[Collection entries]
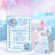 "Deseos de Arándanos y Besos de Gnomos" es una invitación que captura hermosamente la esencia de celebrar una nueva vida. Este diseño presenta nubes, tonos azules y púrpuras, lo que lo hace adecuado para una fiesta de bebé niño, mientras que las gnomas con faldas lindas también lo hacen apropiado para una fiesta de bebé niña. Este encantador tema de arándanos y gnomos personifica la magia de dar la bienvenida a un nuevo bebé. La encantadora imaginería de jugosos arándanos combinada con los caprichosos gnomos crea una invitación que inspira alegría y asombro para todos los invitados. ¡Haz que tu fiesta de bebé sea inolvidable! Echa un vistazo a nuestra colección para obtener más ideas divertidas para celebrar esta ocasión especial.
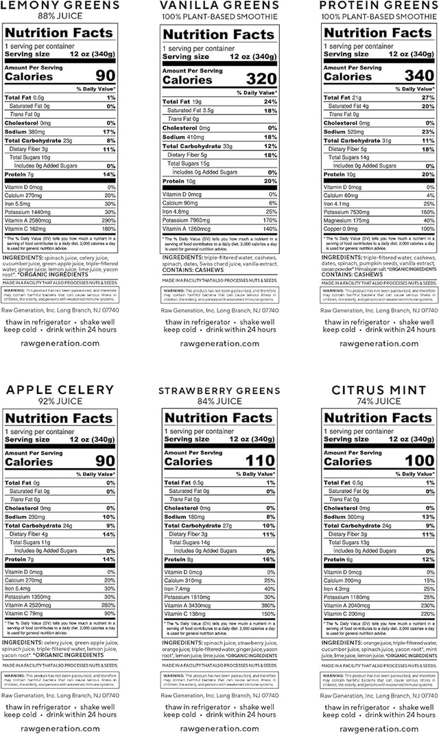 LOWER SUGAR, HIGHER PROTEINOur low-sugar detoxifying juice cleanse is the first step for resetting your diet and promoting a healthier lifestyle. The carefully selected ingredients are low in sugar and high in protein. Unlike other detox programs, our cleanse offers you the perfect balance of nutrients. With 47 grams of plant-based protein per day and 47% less sugar, you can be confident that you're nourishing your body while reducing your sugar intake. Each bottle is crafted with raw fruits, vegetables, nuts, and seeds, and contains no artificial ingredients, preservatives, or added sugars. With our cleanse, you can embrace a total diet reset without compromising on taste or nutritional value. | GENTLE DETOXEnjoy the benefits of gentle detoxification with the low-sugar cleanse. We have formulated it to support digestive health, remove toxic build-up in the gut, detoxify the liver, and gently cleanse the colon. Say goodbye to uncomfortable bloating without relying on harsh laxatives or experiencing the side effects often associated with detox pills and teas. Our cleanse is designed to promote healthy digestion, thanks to the inclusion of chlorophyll-rich raw leafy greens. These ingredients act as an effective prebiotic, helping to boost healthy bacteria while simultaneously eliminating harmful bacteria from the gut. By aiding digestion and optimizing nutrient absorption, our cleanse provides a natural and gentle detoxification experience that your body will appreciate. | FLASH FROZEN TO ENSURE FRESHNESSAt Raw Generation, we prioritize freshness and the preservation of vital nutrients in our low-sugar detoxifying juice cleanse. To ensure the utmost quality, we press the natural, organic ingredients and promptly flash-freeze them. This process helps retain the nutrients, enzymes, and flavors of the ingredients, so you can enjoy the full benefits of our cleanse. When you receive your order, the bottles will be delivered frozen, maintaining their optimal freshness during transit. Once thawed, simply keep them refrigerated and consume within 24 hours to experience the highest level of taste and nutrient content. Please note that orders may arrive earlier than the projected delivery date, ensuring that you can start your cleanse at your convenience and without delay. |
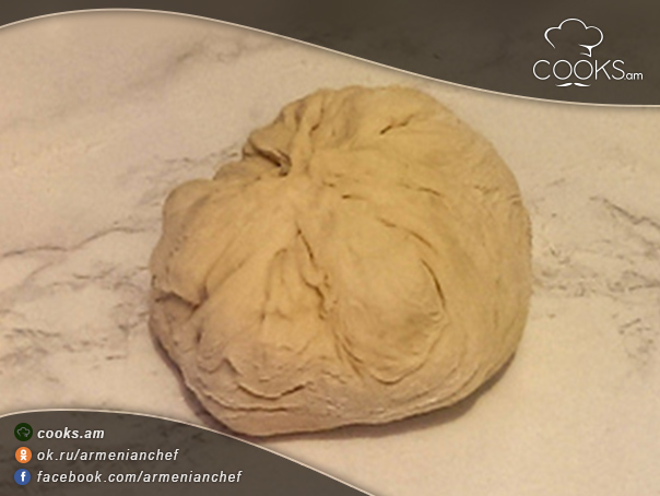 - Ձեռքերով տրորում ենք ու բացում միջին չափի խմորաշերտ։
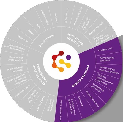 O estudo mapeia os principais temas do segmento alimentício fora do lar com base em quatro áreas principais, sendo elas: modelo de negócios, oferta culinária, experiência e hospitalidade, além de um direcionamento para o que se espera no futuro.
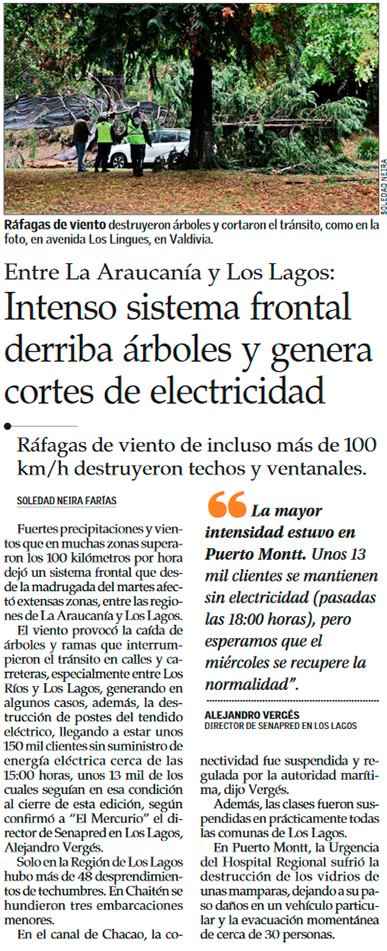 El primer sistema frontal del año provoca daños y apagones - (El Llanquihue)
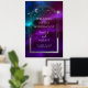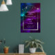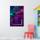 Cosmic Purple Teal Sun Moon Stars Welcome Sign Celestial Cosmic Galaxy Space Wedding Welcome Sign Poster features silver sun, moon and stars with a silver frame on colourful mystical purple, teal and blue cosmic background. Inside the frame is your custom text in elegant white calligraphy script. Designed for you by ©2024 Evco Studio www.zazzle.com/store/evcostudio
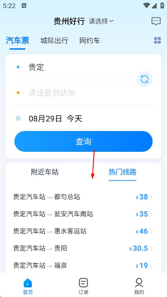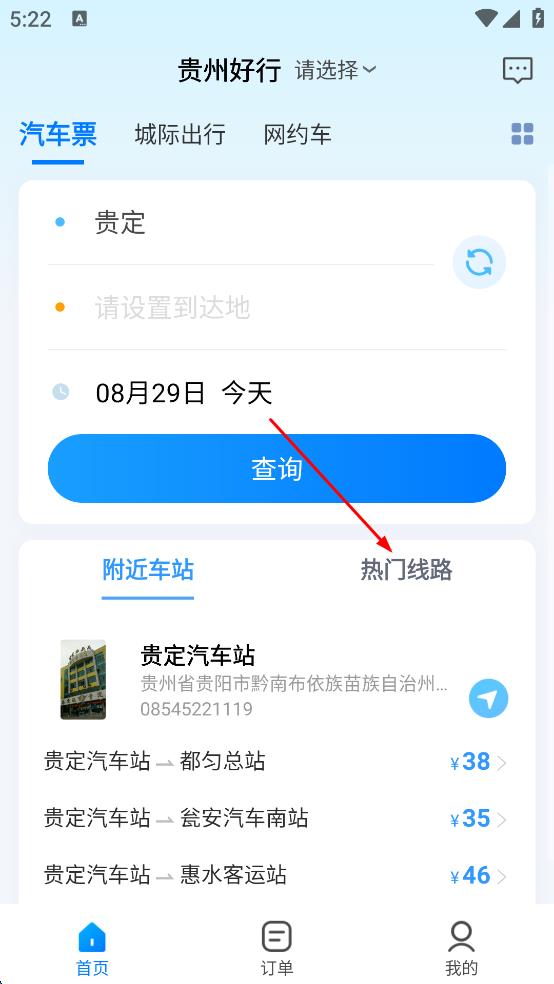 3、设置好到达地后,点击查询按钮,查看相关汽车票信息,也可点击“热门线路”,查看贵定汽车站到都匀总站、热门线路的车票价格。
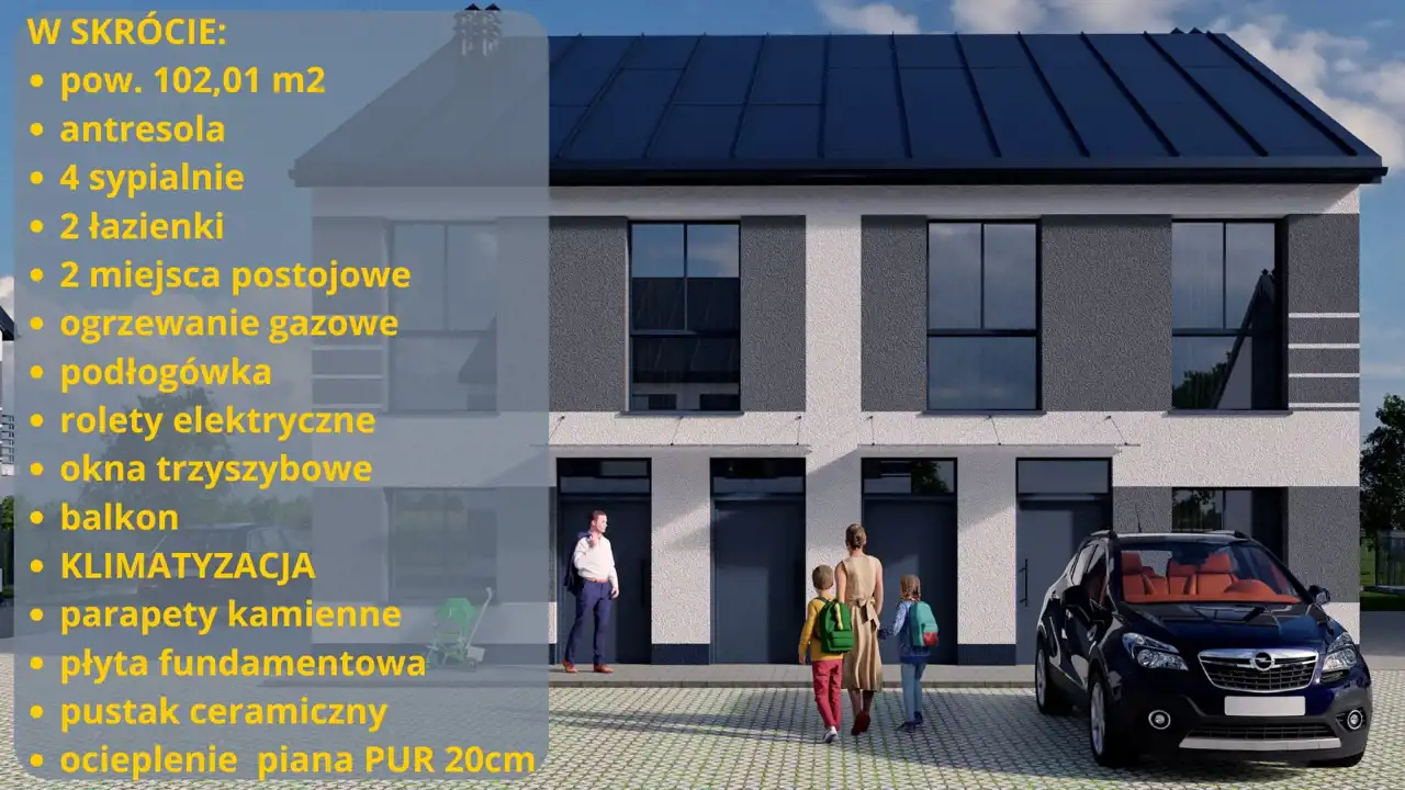 KWADRAT prezentuje na sprzedaż nowe, wygodne mieszkanie położone w Hanulinie (Zosin). Lokal położony jest na piętrze domu w zabudowie bliźniaczej. Powierzchnia całkowita 102,01m2. Oferowane mieszkanie posiada duży, ustawny salon wraz aneksem kuchennym i bezpośrednim wyjściem na balkon, 2 sypialnie, łazienkę oraz dużą ANTRESOLĘ. Do mieszkania przynależne są dwa miejsca parkingowe.
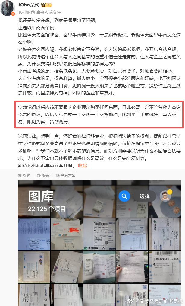 多数消费者的认知都是非常朴素的,一家企业出问题很容易波及整个行业,导致整个行业被质疑、导致众多消费者信心动摇,所以大企业是必须要有社会责任感的,影响力越大、需要承担的责任就越大。 因为你不能指望普通消费者的认知能有多高、一个处理不慎可能就引发大的舆情,所以有些事情企业就需要额外多担待,而不是一有纠纷就觉得自己委屈不能忍,之前预制菜引发的大舆论不就是这么来的么?所以要多往长远想想、多为行业想想、多为产业和国家经济发展想想。
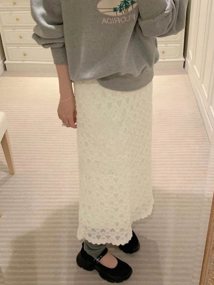 한국식 스위트 하트 레이스 엘라스틱 웨이스트 미니 스커트 여성용 가을 다용도 슬림 A라인 스커트 짧은 소녀용 하이 웨이스트 스커트
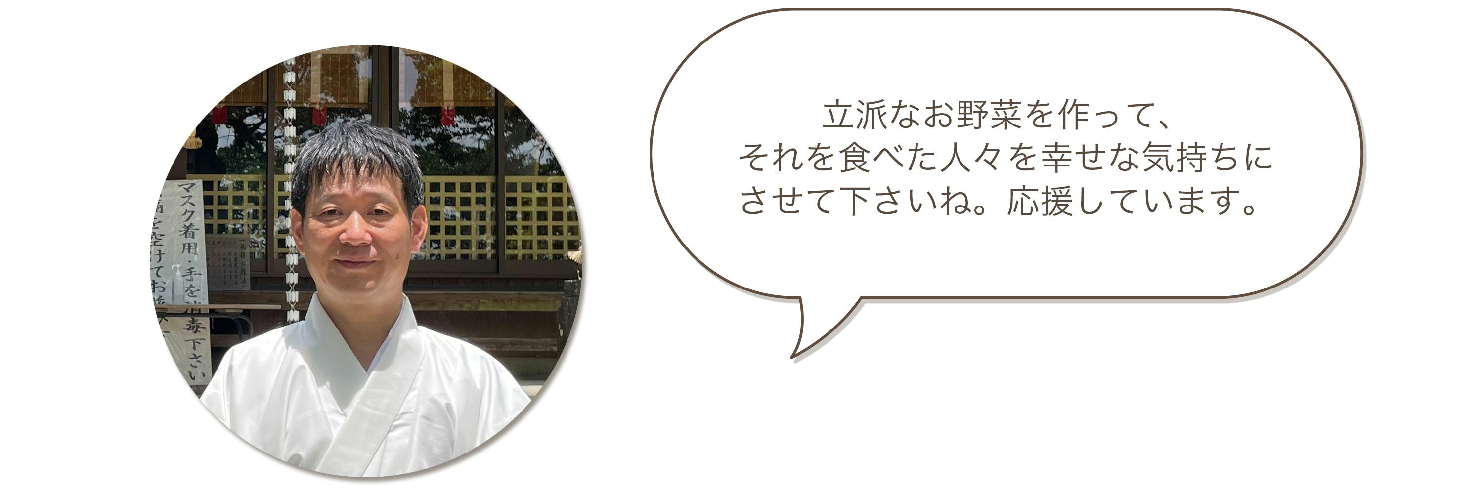 立派なお野菜を作って、それを食べた人々を幸せな気持ちにさせて下さいね。応援しています。

The problem: Leave the images out and print each entry exactly.

Completed task:
 "Deseos de Arándanos y Besos de Gnomos" es una invitación que captura hermosamente la esencia de celebrar una nueva vida. Este diseño presenta nubes, tonos azules y púrpuras, lo que lo hace adecuado para una fiesta de bebé niño, mientras que las gnomas con faldas lindas también lo hacen apropiado para una fiesta de bebé niña. Este encantador tema de arándanos y gnomos personifica la magia de dar la bienvenida a un nuevo bebé. La encantadora imaginería de jugosos arándanos combinada con los caprichosos gnomos crea una invitación que inspira alegría y asombro para todos los invitados. ¡Haz que tu fiesta de bebé sea inolvidable! Echa un vistazo a nuestra colección para obtener más ideas divertidas para celebrar esta ocasión especial.
 LOWER SUGAR, HIGHER PROTEINOur low-sugar detoxifying juice cleanse is the first step for resetting your diet and promoting a healthier lifestyle. The carefully selected ingredients are low in sugar and high in protein. Unlike other detox programs, our cleanse offers you the perfect balance of nutrients. With 47 grams of plant-based protein per day and 47% less sugar, you can be confident that you're nourishing your body while reducing your sugar intake. Each bottle is crafted with raw fruits, vegetables, nuts, and seeds, and contains no artificial ingredients, preservatives, or added sugars. With our cleanse, you can embrace a total diet reset without compromising on taste or nutritional value. | GENTLE DETOXEnjoy the benefits of gentle detoxification with the low-sugar cleanse. We have formulated it to support digestive health, remove toxic build-up in the gut, detoxify the liver, and gently cleanse the colon. Say goodbye to uncomfortable bloating without relying on harsh laxatives or experiencing the side effects often associated with detox pills and teas. Our cleanse is designed to promote healthy digestion, thanks to the inclusion of chlorophyll-rich raw leafy greens. These ingredients act as an effective prebiotic, helping to boost healthy bacteria while simultaneously eliminating harmful bacteria from the gut. By aiding digestion and optimizing nutrient absorption, our cleanse provides a natural and gentle detoxification experience that your body will appreciate. | FLASH FROZEN TO ENSURE FRESHNESSAt Raw Generation, we prioritize freshness and the preservation of vital nutrients in our low-sugar detoxifying juice cleanse. To ensure the utmost quality, we press the natural, organic ingredients and promptly flash-freeze them. This process helps retain the nutrients, enzymes, and flavors of the ingredients, so you can enjoy the full benefits of our cleanse. When you receive your order, the bottles will be delivered frozen, maintaining their optimal freshness during transit. Once thawed, simply keep them refrigerated and consume within 24 hours to experience the highest level of taste and nutrient content. Please note that orders may arrive earlier than the projected delivery date, ensuring that you can start your cleanse at your convenience and without delay. |
 - Ձեռքերով տրորում ենք ու բացում միջին չափի խմորաշերտ։
 O estudo mapeia os principais temas do segmento alimentício fora do lar com base em quatro áreas principais, sendo elas: modelo de negócios, oferta culinária, experiência e hospitalidade, além de um direcionamento para o que se espera no futuro.
 El primer sistema frontal del año provoca daños y apagones - (El Llanquihue)
 Cosmic Purple Teal Sun Moon Stars Welcome Sign Celestial Cosmic Galaxy Space Wedding Welcome Sign Poster features silver sun, moon and stars with a silver frame on colourful mystical purple, teal and blue cosmic background. Inside the frame is your custom text in elegant white calligraphy script. Designed for you by ©2024 Evco Studio www.zazzle.com/store/evcostudio
 3、设置好到达地后,点击查询按钮,查看相关汽车票信息,也可点击“热门线路”,查看贵定汽车站到都匀总站、热门线路的车票价格。
 KWADRAT prezentuje na sprzedaż nowe, wygodne mieszkanie położone w Hanulinie (Zosin). Lokal położony jest na piętrze domu w zabudowie bliźniaczej. Powierzchnia całkowita 102,01m2. Oferowane mieszkanie posiada duży, ustawny salon wraz aneksem kuchennym i bezpośrednim wyjściem na balkon, 2 sypialnie, łazienkę oraz dużą ANTRESOLĘ. Do mieszkania przynależne są dwa miejsca parkingowe.
 多数消费者的认知都是非常朴素的,一家企业出问题很容易波及整个行业,导致整个行业被质疑、导致众多消费者信心动摇,所以大企业是必须要有社会责任感的,影响力越大、需要承担的责任就越大。 因为你不能指望普通消费者的认知能有多高、一个处理不慎可能就引发大的舆情,所以有些事情企业就需要额外多担待,而不是一有纠纷就觉得自己委屈不能忍,之前预制菜引发的大舆论不就是这么来的么?所以要多往长远想想、多为行业想想、多为产业和国家经济发展想想。
 한국식 스위트 하트 레이스 엘라스틱 웨이스트 미니 스커트 여성용 가을 다용도 슬림 A라인 스커트 짧은 소녀용 하이 웨이스트 스커트
 立派なお野菜を作って、それを食べた人々を幸せな気持ちにさせて下さいね。応援しています。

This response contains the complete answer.